- [What is expected]: From the line containing "同時(shí),游客還能收獲" down to the last line of the material, output each line exactly as it appears, excluding pictures.

- [Source data]:
··········

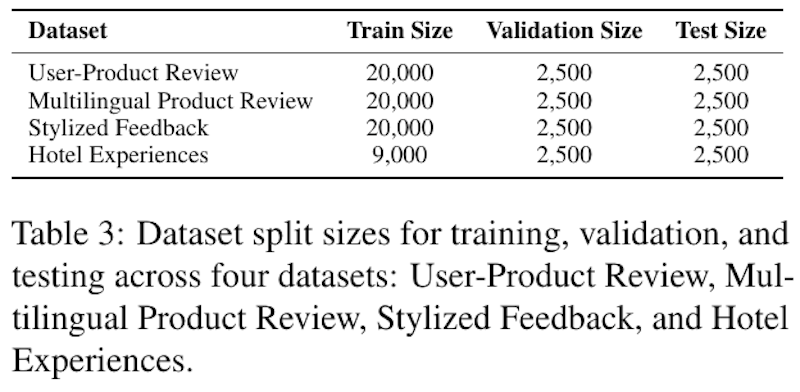 この画像は、論文「Personalized Graph-Based Retrieval for Large Language Models」からのもので、4つのデータセットにおける訓練、検証、およびテストのデータ分割サイズを示しています。各データセット名と対応するデータサイズが表にまとめられています。「User-Product Review」や「Multilingual Product Review」では20,000の訓練例を持ち、検証とテストにはそれぞれ2,500の例があります。「Hotel Experiences」は訓練例が9,000で、検証とテストはやはり2,500ずつあります。これらのデータセットは、個別化されたテキスト生成モデルの開発と評価に使用されており、特にユーザ履歴が乏しい場合でも、モデルの性能を検証できるようになっています。
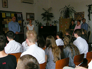 Az április 24-én délután megrendezett versenyre hat iskola nevezte diákjait: MNÁMK, Szent László ÁMK, Vaskúti Általános Iskola, Mohácsi Kisfaludy Károly Gimnázium, Szekszárdi Dienes Valéria Általános Iskola és természetesen a Bajai III. Béla Gimnázium. A tizenkét versenyzőt rangos háromtagú meghívott zsűri kérdezte és értékelte: Gernerné Kemmer Rosemarie, az MNÁMK általános iskolai felső tagozatának igazgatóhelyettese, a DSD I központi szakmai koordinátora, Dörte Christensen, az MNÁMK gimnáziumának német igazgatója és Jaszenovics Sándor, a PTE Babits Mihály Gyakorló Gimnáziumának tanára, aki a DSD I szóbeli vizsgákon regionális szinten lát el elnöki feladatokat. A hallgatóság a versenytársakon és a felkészítő tanárokon kívül németet tanuló hetedikesekből valamint iskolánk érdeklődő felsőbb éves diákjaiból és tanáraiból állt. A megjelenteket Arnóczki János, gimnáziumunk intézményvezetője köszöntötte. Az érdekes témák – pl. Bűvös kocka, Michael Jordan – egy kosaras példakép, Életem egy mozaikcsaládban – mellett a versenyzők nyelvi felkészültsége és talpraesett fellépése illetve a zsűri barátságos és lelkesedő stílusa is hozzájárult ahhoz, hogy a résztvevők egy jó hangulatú és tanulságos délutánt tölthessenek együtt.
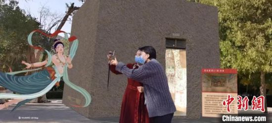 同時(shí),游客還能收獲與眾不同的“打卡照”,在景區(qū)與不同朝代的“飛天”進(jìn)行親密互動(dòng),在特殊的場景中還能與九色鹿、3D大佛等虛擬形象合影留念。
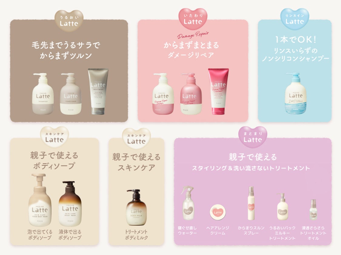 “わたしにも、こどもにも、うれしい。”がコンセプトの、子どもと一緒に使える「mä&më Latte(マー&ミー ラッテ)」は、ヘアケアやスキンケアの商品を通じて、かけがえのない親子の時間をより豊かにすることを目指しています。

··········

- [Written solution]:
 同時(shí),游客還能收獲與眾不同的“打卡照”,在景區(qū)與不同朝代的“飛天”進(jìn)行親密互動(dòng),在特殊的場景中還能與九色鹿、3D大佛等虛擬形象合影留念。
 “わたしにも、こどもにも、うれしい。”がコンセプトの、子どもと一緒に使える「mä&më Latte(マー&ミー ラッテ)」は、ヘアケアやスキンケアの商品を通じて、かけがえのない親子の時間をより豊かにすることを目指しています。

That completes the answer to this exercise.